Wednesday, June 8, 2011

Did gas prices cause the bad news on jobs?

By STEPHEN F. HAYES


After struggling to come up with an explanation that doesn't admit a policy failure, the White House seems to have settled on an answer to questions about what led to the grim unemployment numbers last week: Gas prices. The president said the other day that the latest jobs numbers are a "blip" caused by "headwinds" facing the U.S. economy—the "most prominent" of those headwinds comes from "gas prices." It's an argument that certainly fits with the administration's political case against oil companies. Is it true?

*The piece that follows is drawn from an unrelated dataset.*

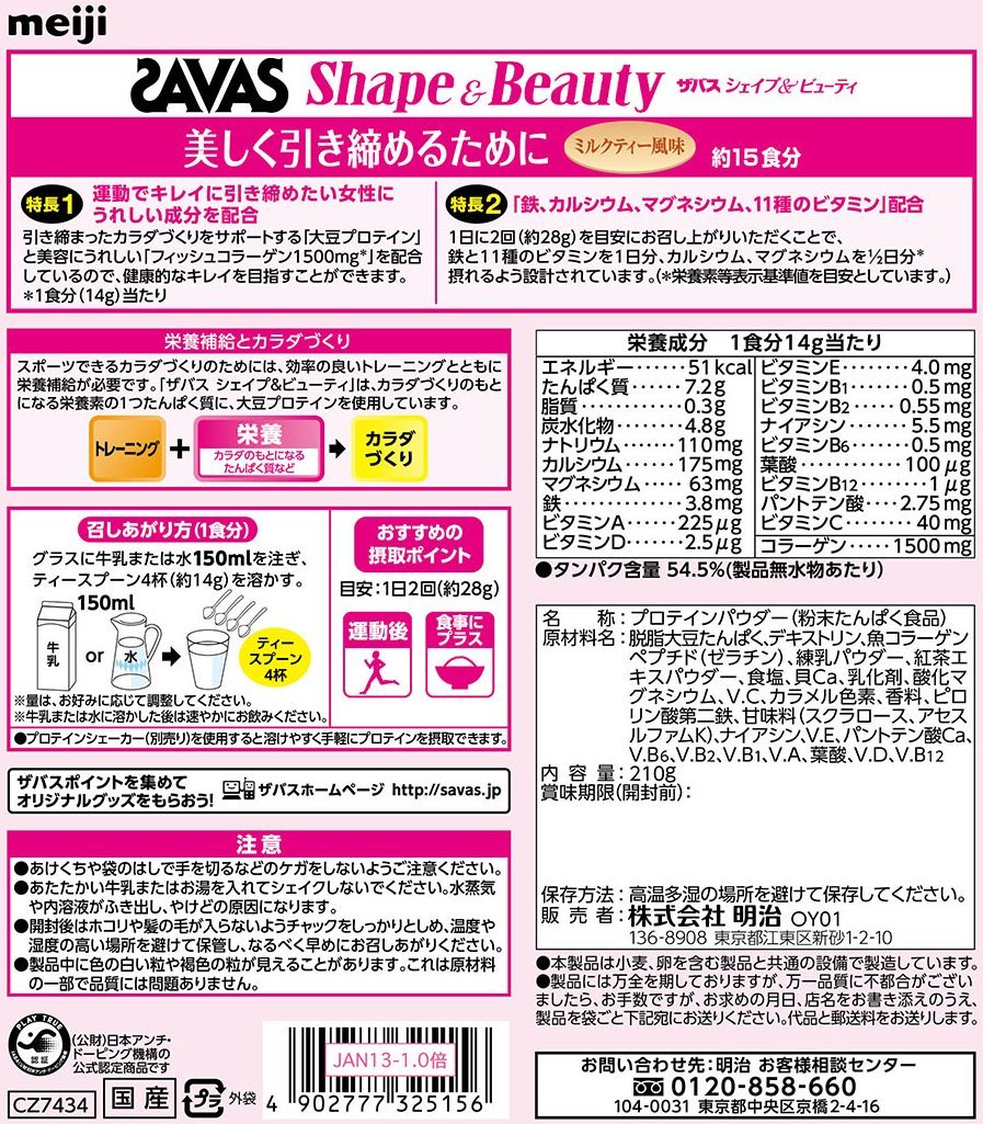 原材料:脱脂大豆たんぱく、デキストリン、魚コラーゲンペプチド、練乳パウダー、紅茶エキスパウダー、食塩/貝Ca、乳化剤、酸化マグネシウム、V.C、カラメル色素、香料、ピロリン酸第二鉄、甘味料(スクラロース、アセスルファムK)、ナイアシン、V.E、パントテン酸Ca、V.B6、V.B2、V.B1、V.A、葉酸、V.D、V.B12、(一部に乳成分・大豆・ゼラチンを含む)

One problem: After four consecutive months of increases, gas prices went down in May. (See here.) In January, the average self-serve price rose from a little over $3.00 per gallon to $3.15. In February, it rose from $3.15 to $3.55. In March, it spiked from $3.55 to almost $3.80. In April prices went from $3.80 to nearly $3.95. In May, however, gas prices declined—from about $3.95 to $3.77. So if rising gas prices were truly the cause of additional unemployment, we would have seen these problems show up earlier this year. We didn't. In each of the four preceding months, the economy added near or above 200,000 jobs—despite gas prices rising quickly. And then in May, when gas prices fell, the economy added just 54,000 jobs. So the best month of the year on gas prices (at least in terms of trends) was the worst month of the year for jobs.

So the president's explanation doesn't work.